In an era when tariffs are already low, the primary effect of further reducing them is to shift income among groups. Typically, those already hurt by globalization, such as manufacturing workers, give up more to those who are already benefitting, such as corporate executives. Dani Rodrik calculates that for every $1 of overall gains in the United States from increased trade, $50 of income is shifted. For working families, any gains from the $1 increase are dwarfed by the $50 shift.
Current efforts to restructure the global economy are not really intended to liberalize trade. They give corporations power to write global economic rules. Corporations use this power to increase their profits at the expense of ordinary people. Baker shows how this rigging drives up the prices and profitability of prescription drugs, just one egregious set of examples among many. So-called free markets figure in the propaganda of free trade, but the only competition large firms have to face is among lawyers deciding who will benefit most from the rules of the system. These backroom deals negate the value of democratic debate and undermine democracy itself.

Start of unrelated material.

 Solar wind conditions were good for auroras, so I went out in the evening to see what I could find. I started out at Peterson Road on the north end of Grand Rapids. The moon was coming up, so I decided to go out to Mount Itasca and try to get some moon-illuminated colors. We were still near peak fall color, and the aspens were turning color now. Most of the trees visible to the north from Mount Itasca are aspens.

As long as the United States remains subject to the political and ideological dominance of corporate capital, economic gains will exist only in our dreams.
The Republican Party is full of conservative globalists who support trade deals in order to strengthen their corporate allies, but liberal globalists pay a higher price at the ballot box. By acting as apologists for trade agreements, socially liberal globalists from Bill Clinton to Barack Obama courted working people’s anger and undermined the credibility they needed to build support for social programs. They cleared the way for a reactionary nationalist such as Trump to pick of the banner of defending workers, opening a political Pandora’s box.

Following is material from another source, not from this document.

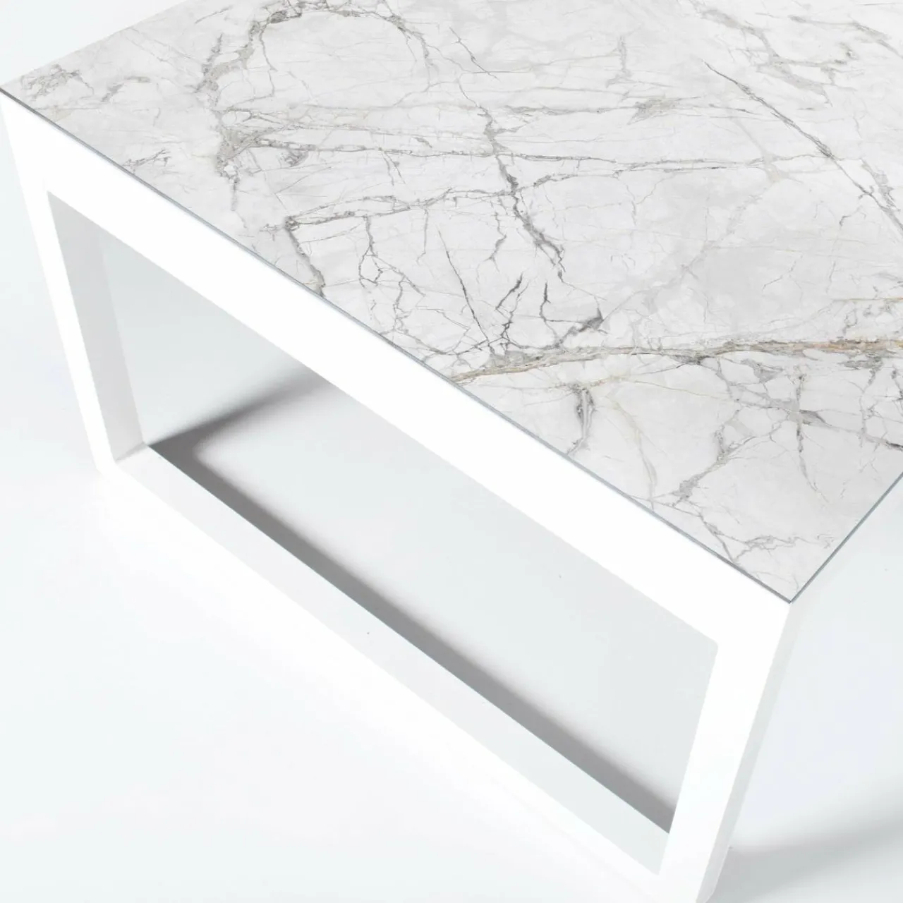 Choisissez l’élégance en installant sur votre terrasse la table de jardin Kore 12 places au design contemporain. Sa structure en aluminium solide et son plateau en céramique effet marbré blanc allient modernité et durabilité, pour un espace repas à la fois chic et fonctionnel.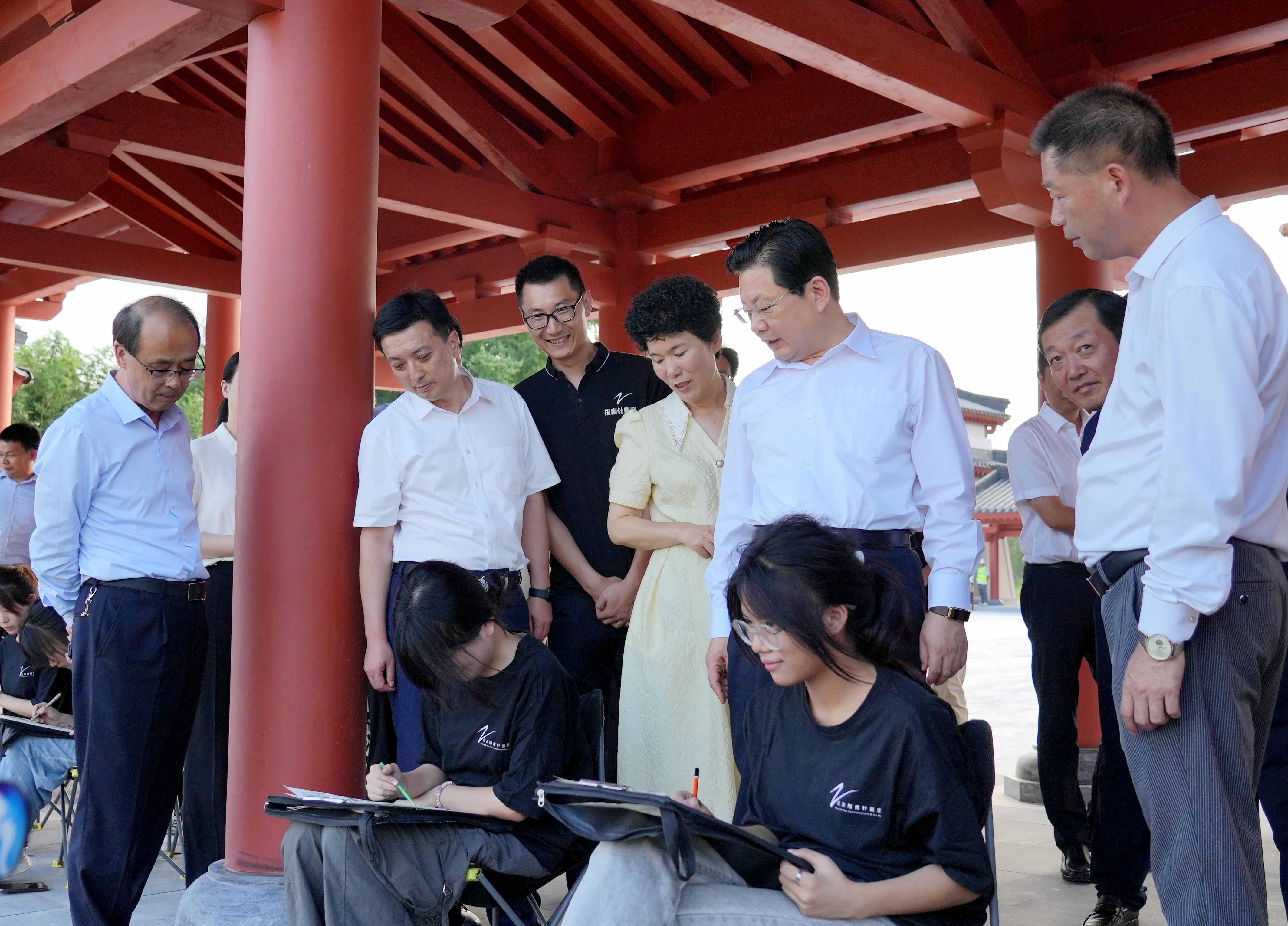 調(diào)研現(xiàn)場,醫(yī)圣文化園一區(qū)主體高臺建筑威嚴(yán)莊重,紅墻黃瓦頗具古意,景觀綠化初具規(guī)模,起舞的漢服愛好者、沿河寫生的學(xué)生、廊下習(xí)琴的少年引得朱是西一行饒有興致地駐足觀看并與大家親切交談。朱是西邊走邊看邊研究,與相關(guān)工作人員就全面加快項(xiàng)目建設(shè)進(jìn)度、運(yùn)營策劃設(shè)計(jì)、文旅底蘊(yùn)挖掘等方面進(jìn)行了交流,并提出了指導(dǎo)意見。調(diào)研結(jié)束后,朱是西召開現(xiàn)場會議,詳細(xì)聽取了項(xiàng)目相關(guān)工作推進(jìn)情況的匯報(bào)。集團(tuán)黨委書記、董事長劉九利在匯報(bào)中表示,南陽投資集團(tuán)堅(jiān)決按照朱書記指示,圍繞提高游客人數(shù)和旅游收入“兩個(gè)提高”的要求開展運(yùn)營籌備工作,著力打造活化演繹來提升游園體驗(yàn),組織系統(tǒng)活動來豐富游園內(nèi)容,打造夜間游玩項(xiàng)目來提升旅游收入,做強(qiáng)仲景書院運(yùn)營來帶動游園人氣,堅(jiān)決把市委市政府交給集團(tuán)的資源運(yùn)營好、經(jīng)營好,為全市人民和外地游客打造中醫(yī)朝圣和中醫(yī)藥文化體驗(yàn)的圣地。

If nationalist and globalist trade myths are both toxic in different ways, and if their interaction heightens the toxicity, what is the way out? In fact, the solution doesn’t have much to do with trade, because foreign workers and foreign factories aren’t the crux of the problem. The roots of the problem lie in the power of corporate capital. Capital strives to increase its unearned rents and entrench monopoly profits. Corporations work to reduce the number of workers on their payrolls and the wages each receives. It is no wonder that we can’t reach full employment and that workers’ pay doesn’t suffice to make ends meet.
As Baker details in Rigged, policies against corporate rent-seeking could realize massive economic gains in terms of both growth and distribution. But, as long as the United States remains subject to the political and ideological dominance of corporate capital, these gains will exist only in our dreams. Confronting corporate ideological and political power means correcting more than trade myths: the myth that capital’s rents result from the natural operation of markets; the myth that increasing profits and greater efficiency go hand in hand; the myth that capitalists are job creators, not job destroyers; the myth that pro-capitalist economics are the backbone of democratic politics; and so on. With the end of trade myths, we are only beginning a long but necessary journey toward an economy that favors workers’ well-being over corporate profits.